Web snip folder options
Thursday, January 7, 2010 4:18:57 PM
No need to wait for official implementation - here are three ways to make and store HTML snips - complete with in-selection formatting and links (even pictures, if image has absolute URL), timestamps and source-page links.
(Be warned that snips may look quite different in scrapbook or mail draft than in their original location - because the page style which was governing them is not captured.)
- web snips stored as a mail folder: drag this to a toolbar: Snip2M Select a passage on a webpage, and click the toolbar button: an email is opened, with snipped selection and URL pasted into body, "snip" in the "To" field, and the page name in the subect field. Annotate as desired. Make a filter for this. Now you have a database of timestamped snips, searchable by Quickfind.
web snips added to a local scrapbook file:
setup: drag to toolbar: regular version: SnipToScrap; version with longer delays (1.5 seconds altogether) which may be needed for older computers: Snip300. Before use, you must save a scrapbook page to disk, bookmark it (so you can give it a nickname), and nickname it scrapbook (which is how the function calls it up). Here it is (generated by a data URL): blank scrapbook page. Click that link, then use Ctrl+s or Save on the edit menu to save to disk. Make sure to save as HTML (which is not the default). Any name and folder is OK. Then you have to close the page, and open the saved copy to make the bookmark. (If you bookmark the data-URL-generated page it will actually record the data URL, and generate a fresh blank page every time.) Bookmark it, and put scrapbook in the nickname field on the bookmark dialog.
use: just make your webpage selection and click the toolbar button.
function: the function puts the selection's HTML source on the clipboard (and adds URL and timestamp as that's done), calls up the scrapbook file (by nickname), opens that file in sourceview to paste in the snip, updates the file on disk and closes sourceview.

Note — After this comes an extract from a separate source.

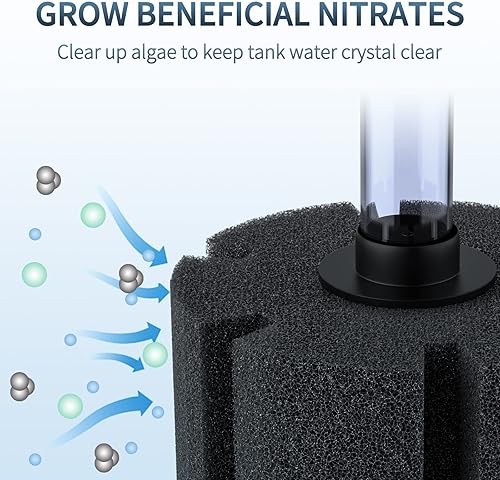 Fine Sponge Filtration: The bio sponge filter provides mechanical and biological filtration and traps debris or waste without sucking up your fish, keeping a crystal clear water tank.

annotating: the function leaves the scrapbook file open in case you want to add remarks; here's a Design mode toggle for that. You can use Design Mode on any web page; after you click the toggle the cursor will change and you will be weirdly able to edit the page. However the changes are only to the on-screen (or "generated") page, and normal save doesn't capture them. Here's a SaveLocalGenerated button which does, for local pages (i.e. those located on your hard drive): SaveLocalGenerated. So click that button after annotating a snip, to get your remarks on disk.
- folder of snips as files using Lex1's more advanced, style-preserving save-onscreen-page: SaveButton (which creates a new file, will save any webpage, and saves a snip as a file if there's a selection).
Of course it takes some practise to get your head around any of these, and a while for it to become routine - but web snips are pretty useful, so you might want to give it a try.
- Opera 10 has the new ability to copy & paste snips in Design Mode; but that turned out to be less manageable than the prompt-shuttle technique. For example, you can't add a timestamp; so in the end it was better to stick to what has been available since 9.5 at least.